Task to carry out: Below, some lines carry pictures; leave those pictures out and retype exactly the lines from the one with "Brighten your holidays" through the one with "Santa Fe caboose".

Material provided:
####################
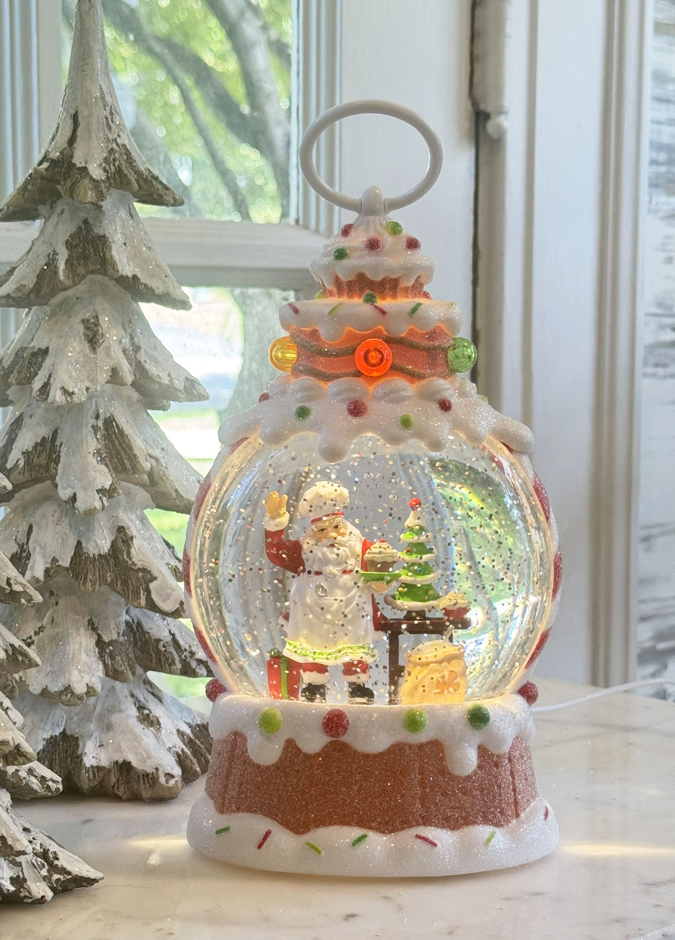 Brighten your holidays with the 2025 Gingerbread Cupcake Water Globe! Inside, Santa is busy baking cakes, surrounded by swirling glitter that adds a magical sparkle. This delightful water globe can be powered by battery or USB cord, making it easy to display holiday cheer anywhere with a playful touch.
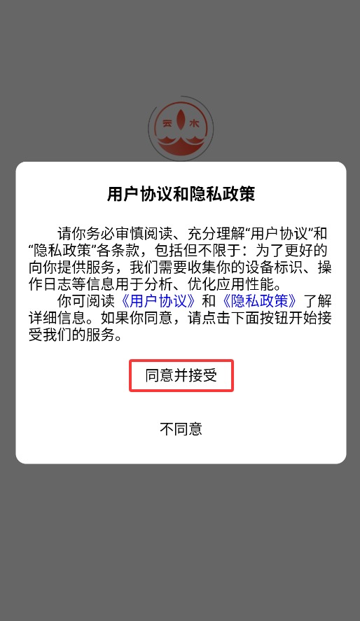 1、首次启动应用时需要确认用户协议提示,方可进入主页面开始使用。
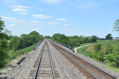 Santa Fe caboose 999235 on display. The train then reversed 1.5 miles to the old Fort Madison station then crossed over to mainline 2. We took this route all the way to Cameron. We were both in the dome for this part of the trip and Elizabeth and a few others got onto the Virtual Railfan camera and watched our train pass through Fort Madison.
####################
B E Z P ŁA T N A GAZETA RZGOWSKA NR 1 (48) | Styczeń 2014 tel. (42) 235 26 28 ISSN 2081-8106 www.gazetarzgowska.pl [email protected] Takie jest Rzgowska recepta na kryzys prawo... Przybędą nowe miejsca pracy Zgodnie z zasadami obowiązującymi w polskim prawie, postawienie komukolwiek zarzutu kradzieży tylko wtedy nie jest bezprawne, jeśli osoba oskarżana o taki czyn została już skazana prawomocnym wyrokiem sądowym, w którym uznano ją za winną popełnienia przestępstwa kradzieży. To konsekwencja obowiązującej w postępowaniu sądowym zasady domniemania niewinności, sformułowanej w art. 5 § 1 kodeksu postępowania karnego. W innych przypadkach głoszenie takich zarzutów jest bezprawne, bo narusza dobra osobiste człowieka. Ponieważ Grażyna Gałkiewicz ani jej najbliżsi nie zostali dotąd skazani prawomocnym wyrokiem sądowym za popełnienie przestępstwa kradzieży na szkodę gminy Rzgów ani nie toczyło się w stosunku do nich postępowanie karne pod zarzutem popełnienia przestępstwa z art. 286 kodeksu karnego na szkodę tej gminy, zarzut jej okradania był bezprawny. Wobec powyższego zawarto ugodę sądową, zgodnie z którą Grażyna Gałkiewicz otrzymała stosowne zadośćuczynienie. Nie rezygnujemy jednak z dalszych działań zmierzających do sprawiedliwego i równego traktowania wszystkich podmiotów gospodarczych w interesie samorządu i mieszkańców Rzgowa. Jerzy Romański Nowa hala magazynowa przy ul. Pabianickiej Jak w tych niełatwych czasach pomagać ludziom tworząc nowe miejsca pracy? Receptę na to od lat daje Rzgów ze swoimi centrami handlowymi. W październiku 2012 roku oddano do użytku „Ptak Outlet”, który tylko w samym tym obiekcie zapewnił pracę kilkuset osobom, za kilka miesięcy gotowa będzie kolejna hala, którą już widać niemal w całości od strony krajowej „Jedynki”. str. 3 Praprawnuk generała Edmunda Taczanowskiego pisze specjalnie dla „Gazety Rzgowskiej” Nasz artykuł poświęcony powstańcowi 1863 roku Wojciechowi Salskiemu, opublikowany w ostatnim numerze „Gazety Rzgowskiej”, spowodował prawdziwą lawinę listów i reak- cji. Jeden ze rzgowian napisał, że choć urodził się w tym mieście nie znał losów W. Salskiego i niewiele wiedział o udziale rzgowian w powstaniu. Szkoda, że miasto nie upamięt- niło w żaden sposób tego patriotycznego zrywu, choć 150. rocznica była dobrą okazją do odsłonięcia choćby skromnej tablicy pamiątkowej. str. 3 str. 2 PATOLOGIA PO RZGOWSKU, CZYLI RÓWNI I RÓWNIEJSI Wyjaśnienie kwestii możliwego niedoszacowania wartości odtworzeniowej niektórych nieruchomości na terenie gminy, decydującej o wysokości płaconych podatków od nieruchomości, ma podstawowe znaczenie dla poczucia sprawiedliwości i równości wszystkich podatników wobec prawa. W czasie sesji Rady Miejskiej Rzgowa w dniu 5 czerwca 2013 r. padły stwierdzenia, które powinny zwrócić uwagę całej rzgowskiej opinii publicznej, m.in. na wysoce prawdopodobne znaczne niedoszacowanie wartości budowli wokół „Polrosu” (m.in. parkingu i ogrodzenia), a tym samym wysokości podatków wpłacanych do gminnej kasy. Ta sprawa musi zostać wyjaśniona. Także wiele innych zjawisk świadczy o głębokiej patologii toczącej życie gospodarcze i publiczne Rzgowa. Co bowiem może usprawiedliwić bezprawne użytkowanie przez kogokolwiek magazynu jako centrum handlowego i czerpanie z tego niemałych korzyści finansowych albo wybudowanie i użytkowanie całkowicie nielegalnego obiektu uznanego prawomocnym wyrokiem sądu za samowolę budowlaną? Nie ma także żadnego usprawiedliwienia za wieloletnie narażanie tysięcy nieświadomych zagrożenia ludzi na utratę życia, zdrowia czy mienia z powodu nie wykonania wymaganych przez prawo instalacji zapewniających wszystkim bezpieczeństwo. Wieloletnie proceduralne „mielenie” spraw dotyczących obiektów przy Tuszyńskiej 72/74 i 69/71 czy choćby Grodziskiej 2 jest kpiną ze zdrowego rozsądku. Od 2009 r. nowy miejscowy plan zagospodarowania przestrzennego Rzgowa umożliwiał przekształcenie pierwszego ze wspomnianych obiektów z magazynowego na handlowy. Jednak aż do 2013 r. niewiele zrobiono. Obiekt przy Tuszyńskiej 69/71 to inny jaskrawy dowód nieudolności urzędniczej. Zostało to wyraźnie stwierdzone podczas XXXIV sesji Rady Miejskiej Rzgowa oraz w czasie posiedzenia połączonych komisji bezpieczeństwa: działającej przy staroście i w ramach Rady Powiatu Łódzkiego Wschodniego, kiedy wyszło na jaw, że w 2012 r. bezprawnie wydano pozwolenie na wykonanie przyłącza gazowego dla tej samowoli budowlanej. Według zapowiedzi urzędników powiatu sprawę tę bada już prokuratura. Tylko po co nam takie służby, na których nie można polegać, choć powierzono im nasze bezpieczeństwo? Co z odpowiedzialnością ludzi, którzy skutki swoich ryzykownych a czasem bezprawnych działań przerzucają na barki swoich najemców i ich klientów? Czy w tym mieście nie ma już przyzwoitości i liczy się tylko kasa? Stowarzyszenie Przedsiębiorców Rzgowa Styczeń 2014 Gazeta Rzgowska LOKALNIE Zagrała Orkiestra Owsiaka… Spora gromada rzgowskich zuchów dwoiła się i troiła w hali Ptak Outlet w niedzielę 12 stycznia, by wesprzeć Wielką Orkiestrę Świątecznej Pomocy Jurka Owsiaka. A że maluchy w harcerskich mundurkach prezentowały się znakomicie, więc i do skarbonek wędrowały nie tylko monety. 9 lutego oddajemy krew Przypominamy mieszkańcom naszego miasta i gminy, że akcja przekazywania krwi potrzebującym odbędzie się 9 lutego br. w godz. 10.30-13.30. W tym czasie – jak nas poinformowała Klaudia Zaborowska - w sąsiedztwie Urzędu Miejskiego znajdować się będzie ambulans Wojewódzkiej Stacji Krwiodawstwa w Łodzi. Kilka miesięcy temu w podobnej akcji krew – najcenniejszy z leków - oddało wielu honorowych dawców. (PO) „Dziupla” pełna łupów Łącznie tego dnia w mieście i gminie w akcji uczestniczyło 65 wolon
####################
Written response:
 Brighten your holidays with the 2025 Gingerbread Cupcake Water Globe! Inside, Santa is busy baking cakes, surrounded by swirling glitter that adds a magical sparkle. This delightful water globe can be powered by battery or USB cord, making it easy to display holiday cheer anywhere with a playful touch.
 1、首次启动应用时需要确认用户协议提示,方可进入主页面开始使用。
 Santa Fe caboose 999235 on display. The train then reversed 1.5 miles to the old Fort Madison station then crossed over to mainline 2. We took this route all the way to Cameron. We were both in the dome for this part of the trip and Elizabeth and a few others got onto the Virtual Railfan camera and watched our train pass through Fort Madison.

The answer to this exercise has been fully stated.